Тренер фыркнул и покачал головой. Посмотрел наверх, скривился и оглядел игроков. Тренировка продолжалась еще несколько минут, пока что-то в воздухе не переменилось. Генри почувствовал это изменение, внезапный скачок давления. Легкая морось быстро сменилась ливнем, отчего плечи игроков тут же потемнели. На площадке появились лужи.

Прикрывая голову планшетом в напрасной попытке уберечься от проливного дождя, тренер дунул в свисток:

— Бегом в душ! Все, кроме Бишопа.

Генри подбежал и посмотрел на тренера.

— Все как обычно. Занеси инвентарь в помещение и смой грязь с бит и мячей. И обязательно вытри их насухо, иначе придется покупать новые, а на это нет денег. — Он посмотрел на промокшие носки Генри.

— Да, сэр, — кивнул юноша, почти ожидая, что от жара его покрасневших щек дождь испарится.

На траву неподалеку спланировал воробей и схватил червяка, которого выманил из-под земли дождь. Птица, склонив голову, как будто внимательно изучала Генри. Тот подтянул носки.

— Когда закончишь с инвентарем, можешь идти, — велел тренер. — Я пошел. Погода что-то совсем испортилась.

Генри кивнул и наклонился за ближайшим мячом. Метнул его в корзину и проделал то же самое со следующим, и со следующим, и со следующим, ни разу не промахнувшись, хотя и постепенно удалялся от корзины. Мячи стукались друг о друга, один за другим падая в корзину — тук, тук, тук. Ритм. Связь. Они неотступно следовали за Генри, как тени, как призраки.

Работая, Генри насвистывал мелодию из русского балета, который играл в школьном оркестре. Он приподнял кепку, чтобы вытереть пот со лба, и начал собирать биты, размахивая ими на ходу. Он вымыл их, вытер и уложил в тележку на колесах, которую одной рукой дотолкал до сарая, в другой неся корзину с мячами.
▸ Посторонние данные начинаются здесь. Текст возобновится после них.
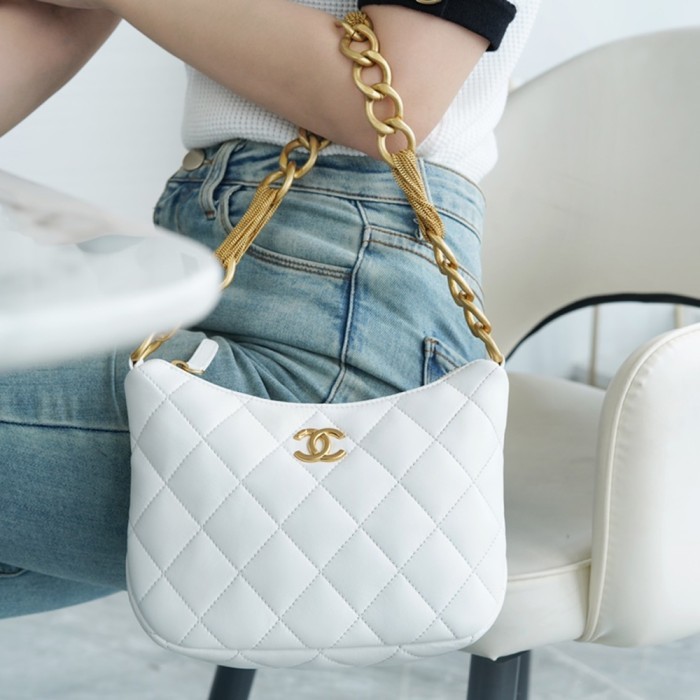 팬더샵 샤넬 램스킨 퀼팅 CC 체인 호보백 화이트

Красота частной средней школы для мальчиков всегда повергала его в восторг. Здание представляло собой симфонию красного кирпича и белой краски в окружении хвойного леса. Даже в дождливый день оно поражало воображение. Генри был рад, что имеет стипендию, благодаря которой может себе позволить здесь учиться, и надеялся также получить новую, чтобы осенью поступить в Вашингтонский университет.
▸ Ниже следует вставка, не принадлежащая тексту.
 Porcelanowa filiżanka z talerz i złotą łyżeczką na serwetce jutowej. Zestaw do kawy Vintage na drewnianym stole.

Когда Генри пришел в раздевалку, Итан все еще был там, завернутый в белое полотенце, хотя все остальные уже разошлись по домам.

— Надо было тебе помочь, — произнес Итан, заматывая еще одно полотенце на голове, чтобы подсушить мокрые волосы. — Да уж, я мерзавец.

— Это моя работа, а не твоя, — возразил Генри.

— Как скажешь… — вздохнул Итан. — Ты насквозь промок. А твоя обувь… Не знаю, почему ты отказываешься взять мои старые ботинки. Они намного приличнее…

— Все нормально, Итан. Правда. — Генри положил кепку на скамейку, стянул через голову мокрую водолазку и позволил ей со шлепком упасть на бетонный пол. — Не беспокойся.

К тому времени, когда Генри закончил принимать душ, Итан уже оделся и в школьной форме выглядел опрятным и уверенным в себе. Волосы он расчесал на прямой пробор. Повернулся к запотевшему зеркалу, кулаком протер его по кругу и поправил уже и так щегольски повязанный галстук.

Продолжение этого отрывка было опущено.